TASK MATERIAL:
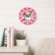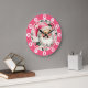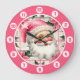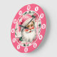 Reloj Redondo Grande Retro Rosa Santa Claus Navidades Floral Plaid
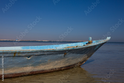 Naklejka premium Old ship rusts in shallow water. Abandoned fishing boat at sea
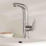 Однорычажный смеситель для раковины Grohe "Eurostyle New" с покрытием Moon White и с увеличенной высотой для максимального комфорта станет идеальным штрихом для современной ванной комнаты. Имеет интуитивно понятный дизайн рукоятки, а благодаря технологии SilkMove® и стандартам немецкого проектирования, его рычаг перемещается плавно и четко, обеспечивая идеальный контроль за расходом и температурой.
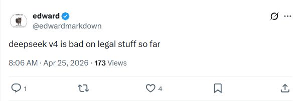 也有用户提到DeepSeek V4在法律任务上目前表现很差。
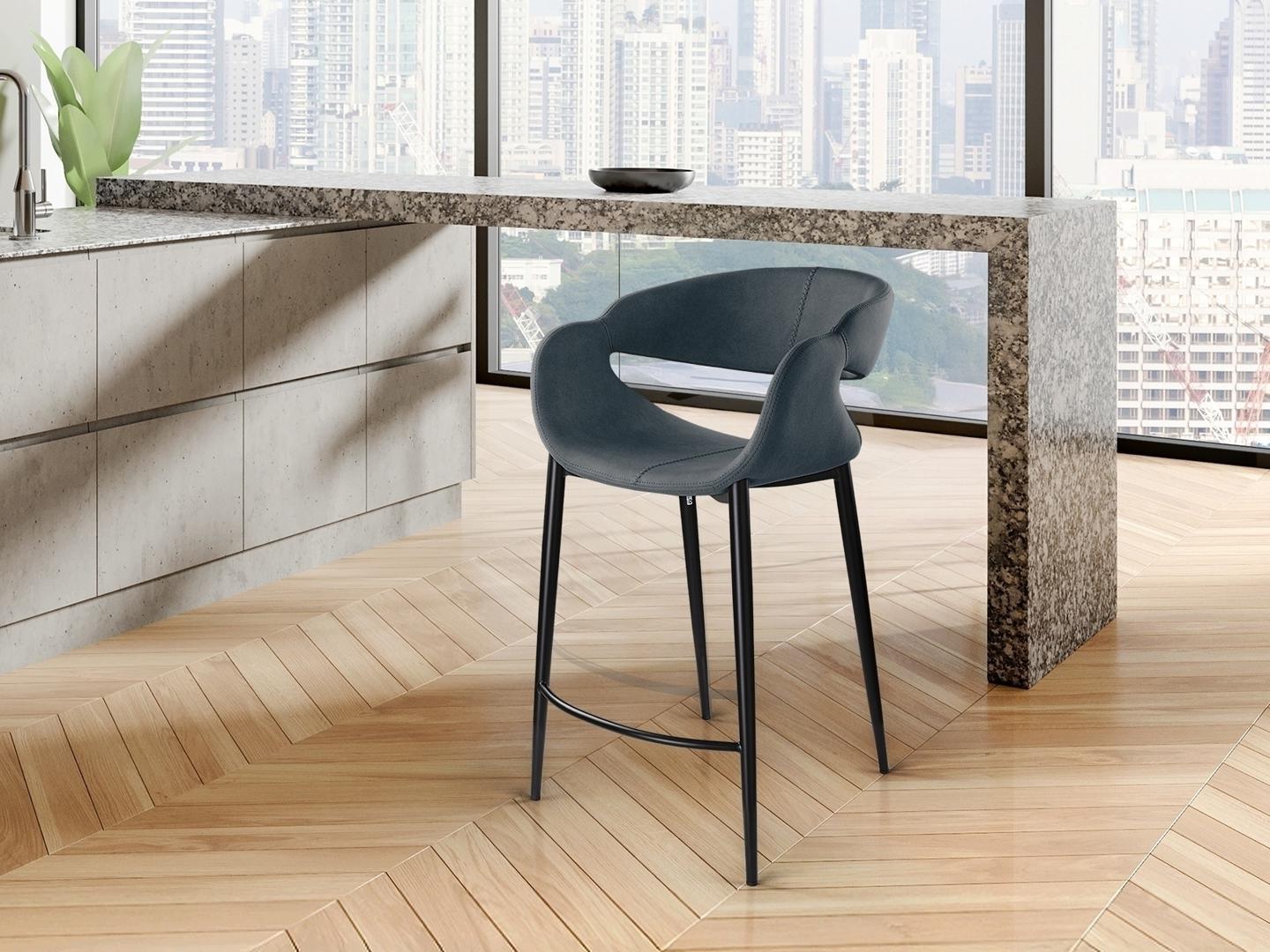 Высокий табурет. Обивка из 100% полиэстера тёмно-синего цвета с декоративной строчкой. Химчистка. Металлические ножки и подставка для ног с матово-чёрным покрытием. Сиденье и спинка из фанеры и поролона.
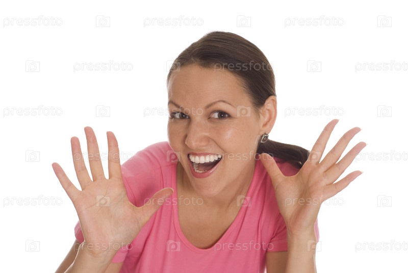 Счастливая молодая женщина на белом фоне
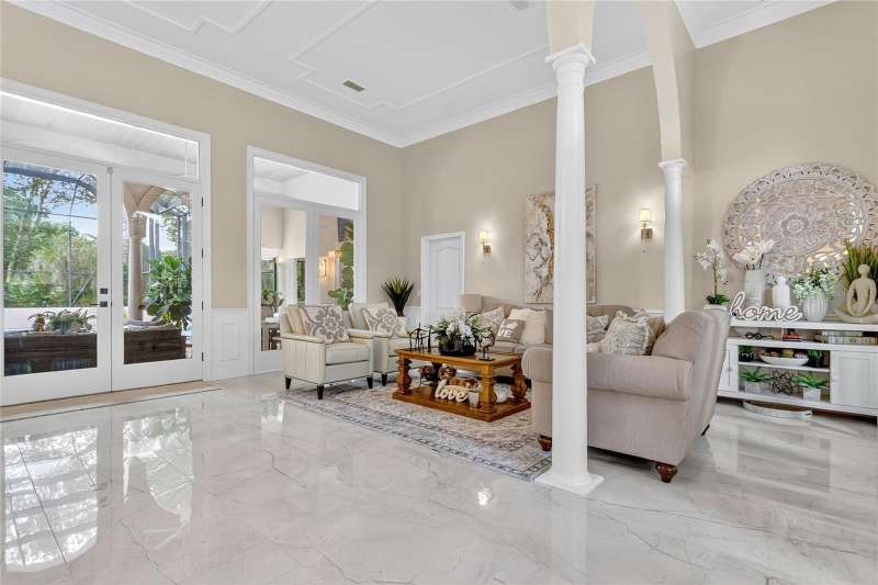 Captivating fully renovated 4 bedroom 4.5 bathroom residence where every inch of this home has been thoughtfully updated, showcasing quality craftsmanship and top-of-the-line finishes throughout. The heart of the home is the brand-new modern kitchen, featuring a massive 10-foot quartz island, custom soft-close cabinetry, wine fridge, and oversized stainless steel appliances. Perfect for cooking, entertaining, or family gatherings, this kitchen sets the tone for the entire home. Brand new hardwood and tile flooring throughout, fresh interior paint, and a seamless open-concept layout that blends the living, dining, and kitchen areas beautifully. Large windows fill the space with natural light, creating an inviting atmosphere. The primary suite is an absolute showpiece—completely reimagined with a custom spa-inspired bathroom featuring double vanities, an oversized walk-in shower, designer tile, and a spacious walk-in closet. Every bathroom in the home has been updated, each its own modern feel. A true highlight is the completely separate mother-in-law suite—featuring its own full kitchen and full bathroom —ideal for extended family, guests, or even rental income potential. Outside you'll have your own personal paradise. The heated pool and spa have been recently re-marcited and a newer pump and spa blower, ensuring years of worry-free enjoyment. The expansive outdoor area features a built-in grill station with sink, perfect for summer cookouts and entertaining, along with a dedicated full pool bath for convenience. Every major update has been completed within the last year and a half, giving this home the feel of a brand-new custom build—without the wait. With luxurious upgrades inside and out, this property truly has it all. Move-in ready, completely redone, and built to impress—this is the one you’ve been waiting for. This is one you simply have to see in person to truly appreciate the quality, design, and attention to detail.

TASK REQUIREMENTS: Every line from the start of the listing above through the line with "Счастливая молодая женщина на белом фоне" should be repeated exactly; skip the pictures and add nothing else.

YOUR SOLUTION:
 Reloj Redondo Grande Retro Rosa Santa Claus Navidades Floral Plaid
 Naklejka premium Old ship rusts in shallow water. Abandoned fishing boat at sea
 Однорычажный смеситель для раковины Grohe "Eurostyle New" с покрытием Moon White и с увеличенной высотой для максимального комфорта станет идеальным штрихом для современной ванной комнаты. Имеет интуитивно понятный дизайн рукоятки, а благодаря технологии SilkMove® и стандартам немецкого проектирования, его рычаг перемещается плавно и четко, обеспечивая идеальный контроль за расходом и температурой.
 也有用户提到DeepSeek V4在法律任务上目前表现很差。
 Высокий табурет. Обивка из 100% полиэстера тёмно-синего цвета с декоративной строчкой. Химчистка. Металлические ножки и подставка для ног с матово-чёрным покрытием. Сиденье и спинка из фанеры и поролона.
 Счастливая молодая женщина на белом фоне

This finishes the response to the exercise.